** DATA follows **

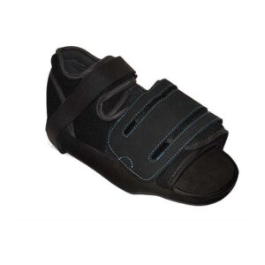 Zapato ortopédico diseñado para el uso post cirugías quirúrgicas en el pie. Diseñados con un sistema de cierre con velcros, que permiten adaptarse anatómicamente a pies con vendajes, escayolas postoperatorias, inflamación o deformaciones en los dedos. Elaborados en un tejido transpirable y fácil de higienizar. Contribuyen a un buen apoyo al andar, son cómodos y seguros. Talla 41 a 42, color negro. Adecuado para hombres y mujeres.
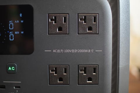 出力は、ACが4系統でトータル2,000W、瞬間最大4,000Wとなっている。また簡易UPS機能もあり、バッテリー出力とACスルーの切り替えは10ms以内で行なわれる。
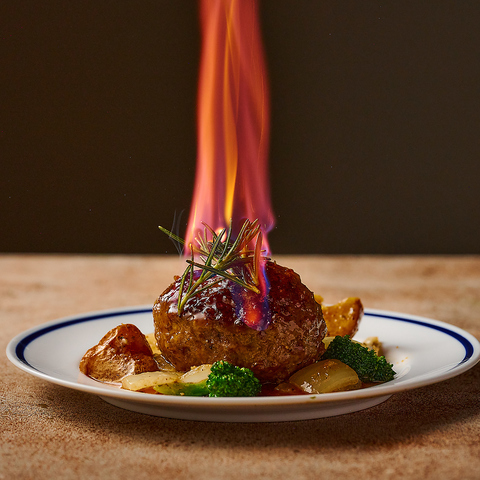 数多くのSNSやTVなどに取り上げられたKAMAKURAの中でも圧倒的人気を誇る、燃えるハンバーグはお客様の目の前で豪快に燃える演出と肉肉しい味わいが魅力となっております。デートや宴会利用のお客様にも燃えるハンバーグをお召し上がりいただけるコースをご用意しております。
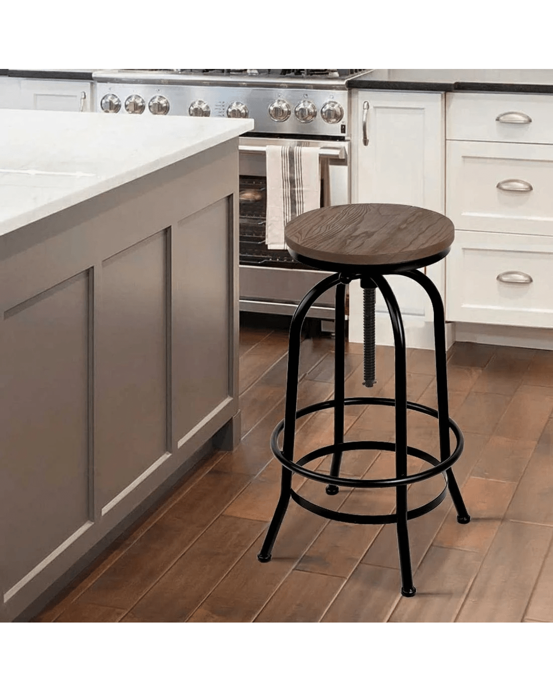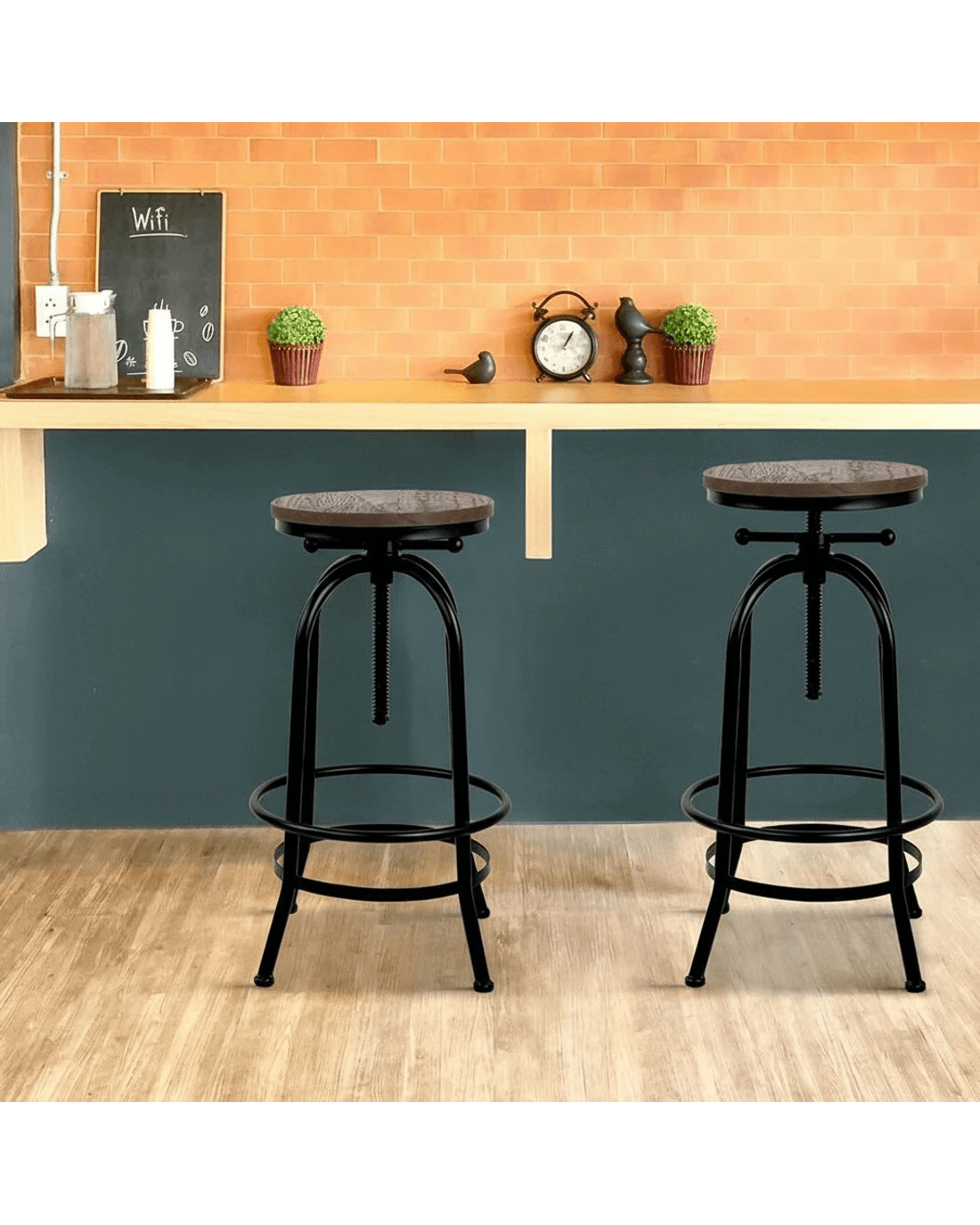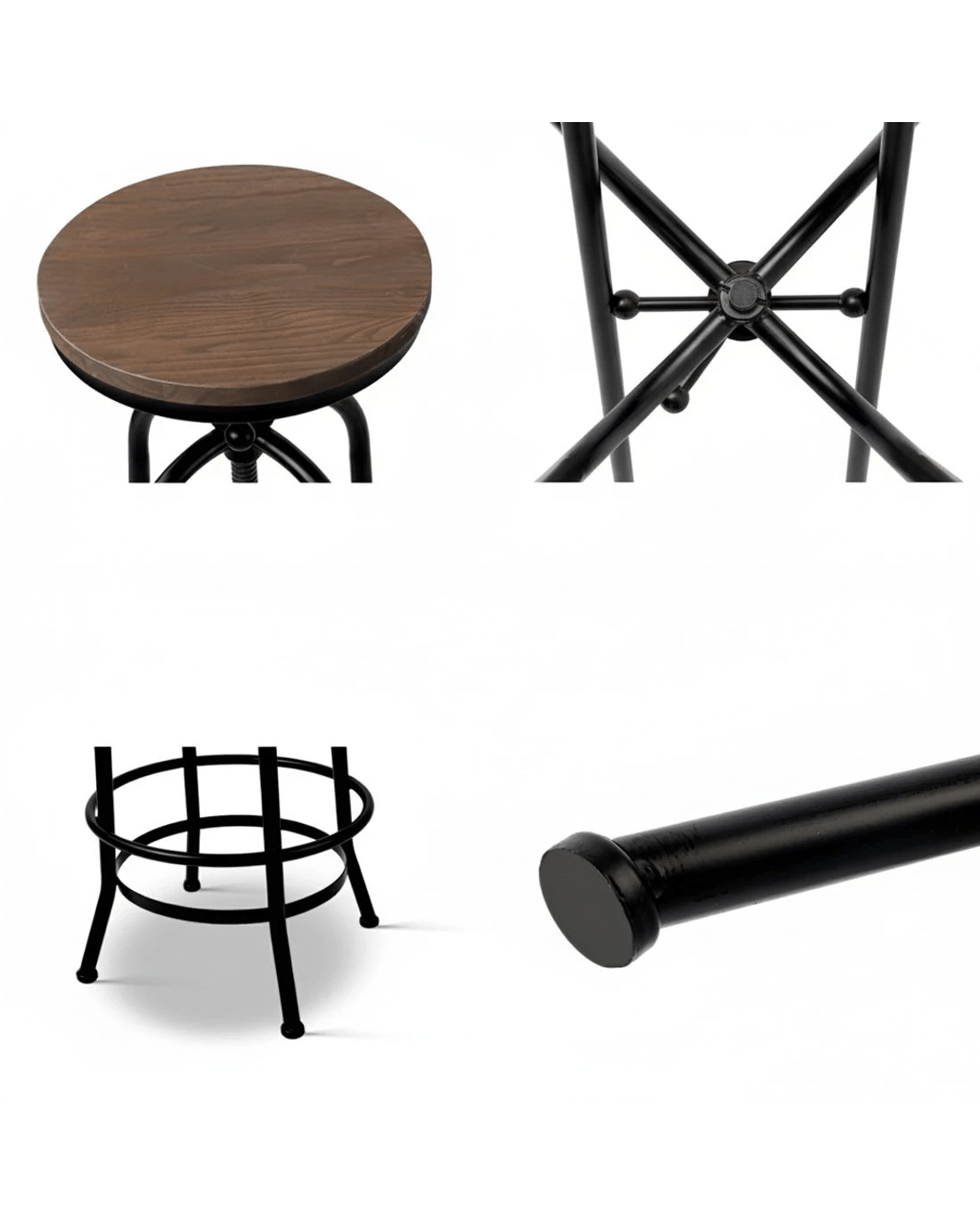 Upgrade your seating with style and strength! Our Angus adjustable bar stool boasts a premium elm wood seat and a sturdy steel framework, ensuring both comfort and durability. Its swivel design with adjustable height makes it versatile for various spaces, from kitchen counters to bars. The heavy metallic finish blends seamlessly with industrial or modern decor, while the anti-slip floor protector keeps your floors safe. Choose quality and style with this industrial bar stool. Add it to your home today!
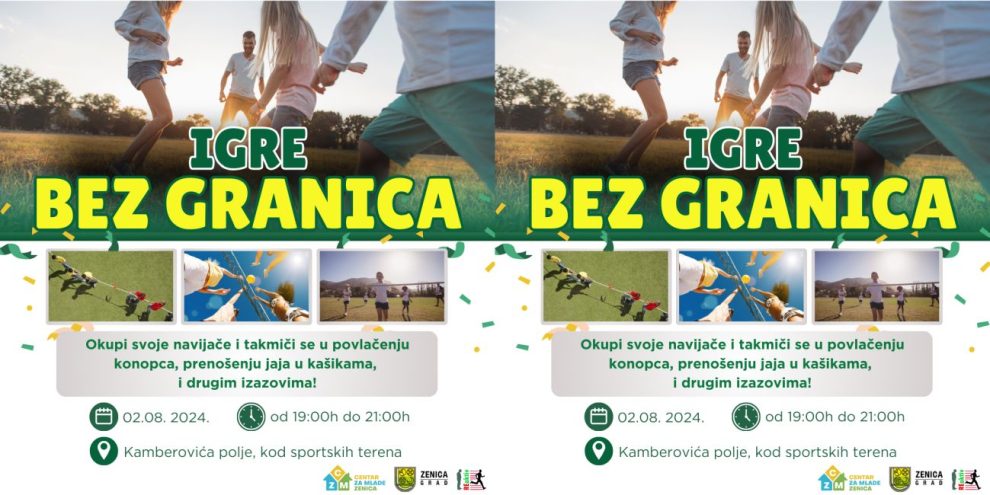 Centar za mlade Zenica najavljuje prve “Igre bez granica” u Zenici, takmičenje koje će se održati 2. augusta 2024. godine od 19:00 do 20:30 sati na Kamberovića polju, kod sportskih terena.
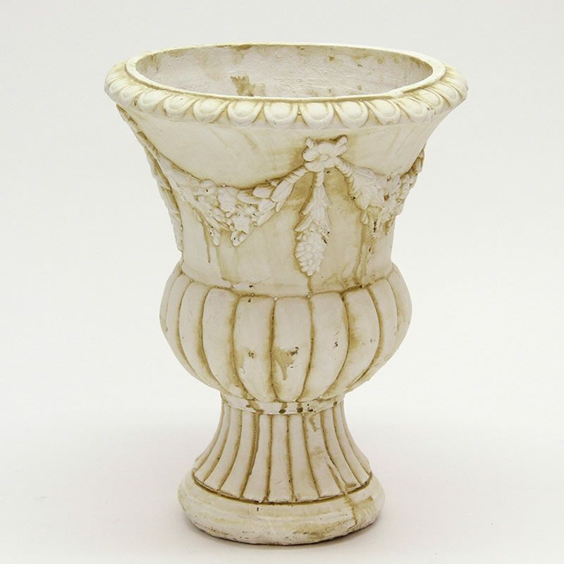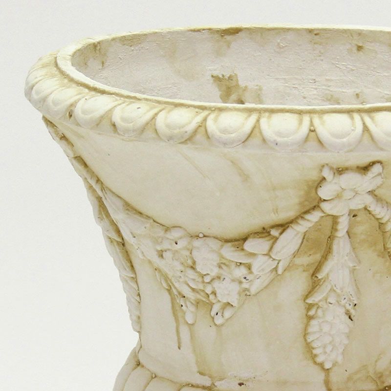 【コメント】エントランスの左右に置きたい風格のある、おしゃれなヨーロピアンプランターです。石の粉と樹脂を混ぜて作っていますので、重量感もありゴージャスな台座になっています。デザインはヨーロピアンテイストで、アンティーク仕上げされた雰囲気も素敵です。※水抜き穴はあいておりません。

** End of DATA **

WORK INSTRUCTION - Write out word for word the lines above that run from the one with "出力は、ACが4系統でトータ" to the one with "数多くのSNSやTVなどに取". Include both end lines; exclude the images.

RESULT OF THIS TASK -
 出力は、ACが4系統でトータル2,000W、瞬間最大4,000Wとなっている。また簡易UPS機能もあり、バッテリー出力とACスルーの切り替えは10ms以内で行なわれる。
 数多くのSNSやTVなどに取り上げられたKAMAKURAの中でも圧倒的人気を誇る、燃えるハンバーグはお客様の目の前で豪快に燃える演出と肉肉しい味わいが魅力となっております。デートや宴会利用のお客様にも燃えるハンバーグをお召し上がりいただけるコースをご用意しております。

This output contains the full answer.